Monday, June 19, 2023

Taking Stock of West Virginia on its One-Year Anniversary, by Natasha Brunstein - Yale Journal on Regulation

Taking Stock of West Virginia on its One-Year Anniversary, by Natasha Brunstein - Yale Journal on Regulation

This month marks one year since the Supreme Court decided West Virginia v. EPA, in which the Court expressly named and relied on the major questions doctrine for the first time. It is thus an apt time to take stock of West Virginia’s impact, particularly as we may see yet another landmark major questions doctrine decision from the Court by the end of the month in Biden v. Nebraska or Department of Education v. Brown.

Before West Virginiacommentators rightly criticized the major questions doctrine’s ambiguity and inconsistency. In West Virginia, the Court had the opportunity to clarify the doctrine and articulate a framework to guide lower courts. Although one could read West Virginia as an attempt to provide such guidance to lower courts (as Don Goodson and I explained here), it is admittedly far from a model of clarity, which has unsurprisingly led to continued inconsistency in the lower courts.

In a forthcoming article in the Administrative Law Review, I survey how lower federal courts have interpreted West Virginia and applied the major questions doctrine over the last year. My survey reveals that there is no one major questions doctrine in the lower courts. Like the Supreme Court’s cases predating West Virginia, judges have taken vastly different approaches to defining and applying the doctrine—even within the same circuit—illustrating that many judges view the doctrine as little more than a grab bag of factors at their disposal. The cases reflect that lower courts do not feel constrained in how they apply the doctrine, and their applications of the doctrine appear to largely track partisan lines.
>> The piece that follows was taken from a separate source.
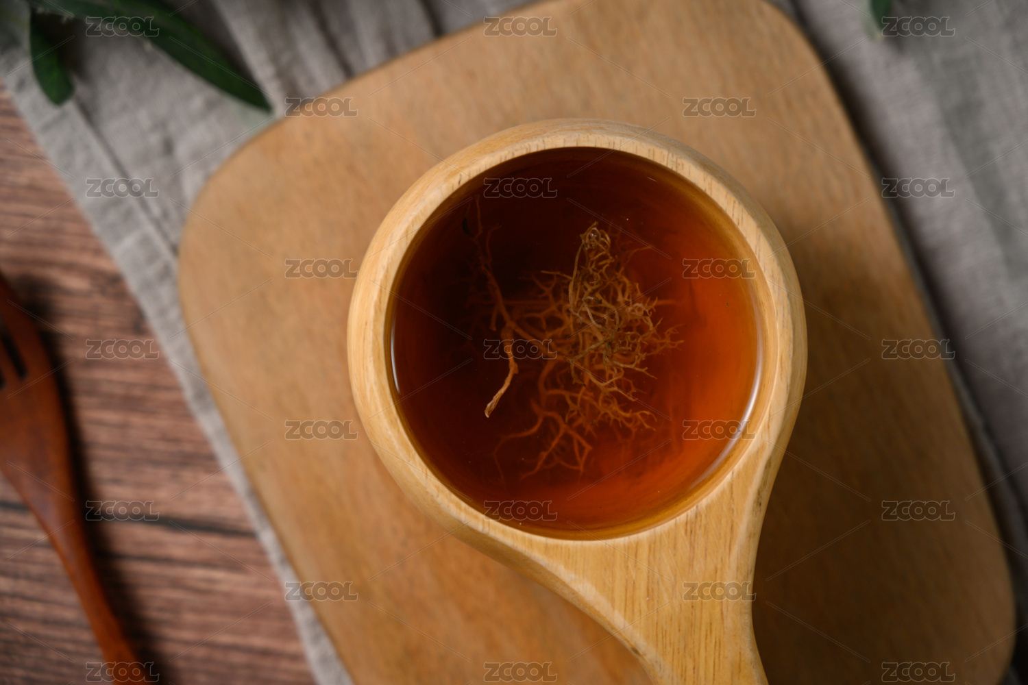 桌面上的杯子里的美味可口的桂花乌龙茶

***To begin with, in sixteen out of the twenty-one cases, judges ruled in line with their political party appointment. Nine cases involved Democratic appointees upholding Biden administration agency actions, and seven cases involved Republican appointees invalidating Biden administration agency actions. Of the remaining five cases, three of them are hard to categorize but arguably could go either way. In Kaweah Delta Health Care District v. Becerra, Judge Consuelo B. Marshall, a Democratic appointee in the Central District of California, invalidated a Trump-era rule that the Biden administration defended. To my knowledge, this is the only instance of a court relying on the major questions doctrine to invalidate a Trump-era policy that the Biden administration chose to defend. In Kovac v. Wray, Judge Brantley Starr, a Republican appointee in the Northern District of Texas, upheld the Biden administration’s maintenance of the terrorist watchlist, which is not strictly a Democratic policy. And in United States v. Sadrinia, Judge David L. Bunning, a Republican appointee in the Eastern District of Kentucky, upheld the Attorney General’s and Drug Enforcement Administration’s rule under the Controlled Substances Act in the context of a criminal prosecution, which also does not concern a strictly Democratic policy. The two remaining cases involved Republican appointees upholding Biden administration agency actions.